## What you are asked to do
Please print the listing that follows word for word, but skip any pictures it holds.

## Supplied data
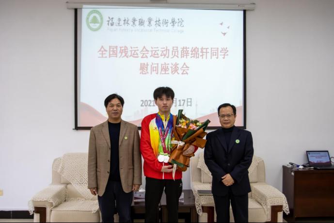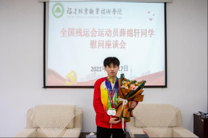 薛绵轩平和而低调,阳光而乐观。他说,感谢游泳,让他在不同的赛场重新认识了自己。很遗憾没获得金牌,在今后会更加努力刻苦训练,实现自己的梦想和价值。从赛场重返校园,深切感受到林职院师生的关心和热情,在学校的学习生活各方面都很适应,下一步他将以更加积极向上的心态迎接新的挑战,争取在更高的赛场上,为家乡、为学校、为国家再添光彩!
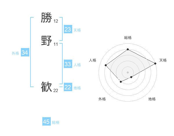 勝野 歓さんの総格は45画の4点!
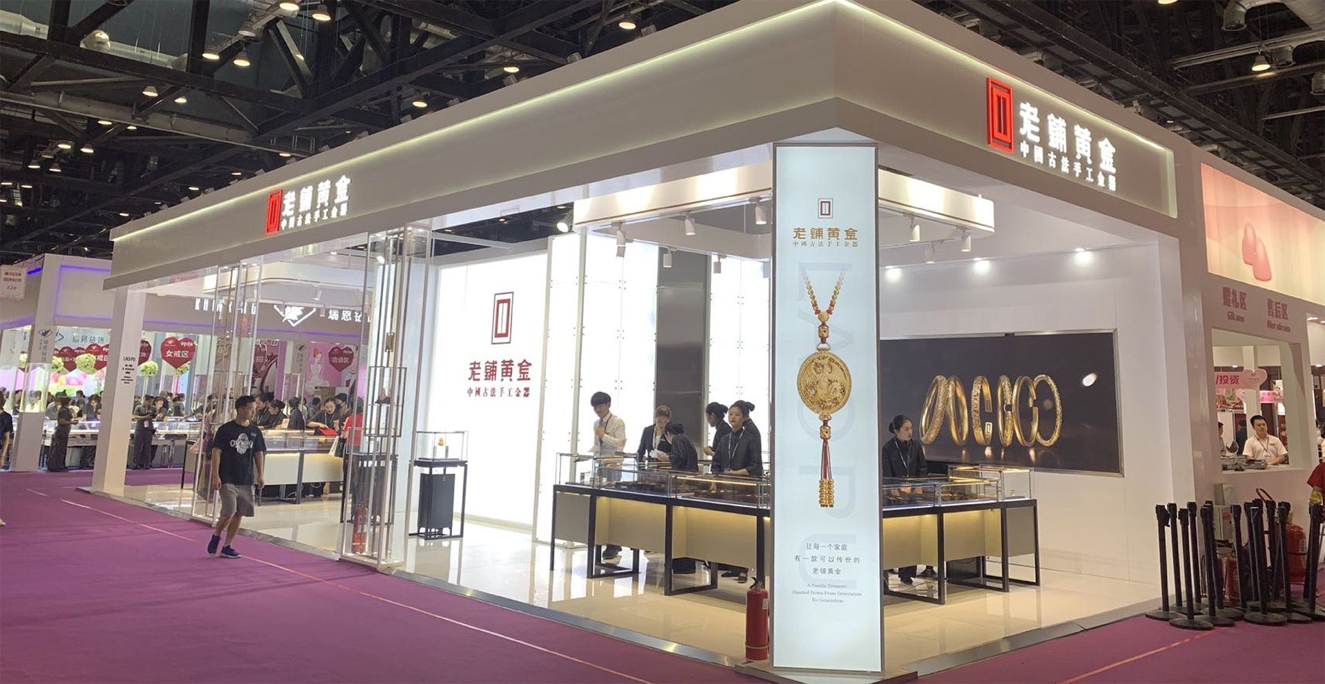 2019年6月和8月,老铺黄金展台设计布展,老铺黄金是中国古法黄金高端品牌,恪守纯正古法工艺,融会国际时尚美学。
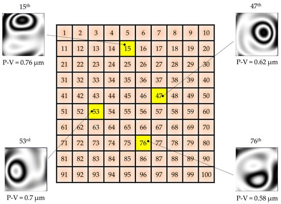 To measure the response functions of the control elements of the developed deformable mirror, the diagnostic setup based on the Shack–Hartmann wavefront sensor was used. The images of the mirror surface after applying the voltage of 300 V to different actuators are presented in Figure 9. As it could be seen from the presented data, the main surface deformation is of course concentrated in the range of the position of the actuators. At the same time, on the neighbor actuators one can also see the change in the mirror surface. This is due to the small (only 1 mm) distance between the actuators and also rather high thickness of the reflecting substrate (1.5 mm). In our case, the coupling coefficient was in the range of 60%. In addition, we expected the local stroke of the developed deformable mirror actuators be close to two microns, however, the measured data showed that the real local mirror displacement was just about one micron. Since the thickness of the individual layer of the actuator is 500 μm, the control voltages could be increased up to 600 V (−200…+400 V) for the manufactured piezoceramic modules. Thus, the stroke should be close to the expected 2 μm.

## Task result
 薛绵轩平和而低调,阳光而乐观。他说,感谢游泳,让他在不同的赛场重新认识了自己。很遗憾没获得金牌,在今后会更加努力刻苦训练,实现自己的梦想和价值。从赛场重返校园,深切感受到林职院师生的关心和热情,在学校的学习生活各方面都很适应,下一步他将以更加积极向上的心态迎接新的挑战,争取在更高的赛场上,为家乡、为学校、为国家再添光彩!
 勝野 歓さんの総格は45画の4点!
 2019年6月和8月,老铺黄金展台设计布展,老铺黄金是中国古法黄金高端品牌,恪守纯正古法工艺,融会国际时尚美学。
 To measure the response functions of the control elements of the developed deformable mirror, the diagnostic setup based on the Shack–Hartmann wavefront sensor was used. The images of the mirror surface after applying the voltage of 300 V to different actuators are presented in Figure 9. As it could be seen from the presented data, the main surface deformation is of course concentrated in the range of the position of the actuators. At the same time, on the neighbor actuators one can also see the change in the mirror surface. This is due to the small (only 1 mm) distance between the actuators and also rather high thickness of the reflecting substrate (1.5 mm). In our case, the coupling coefficient was in the range of 60%. In addition, we expected the local stroke of the developed deformable mirror actuators be close to two microns, however, the measured data showed that the real local mirror displacement was just about one micron. Since the thickness of the individual layer of the actuator is 500 μm, the control voltages could be increased up to 600 V (−200…+400 V) for the manufactured piezoceramic modules. Thus, the stroke should be close to the expected 2 μm.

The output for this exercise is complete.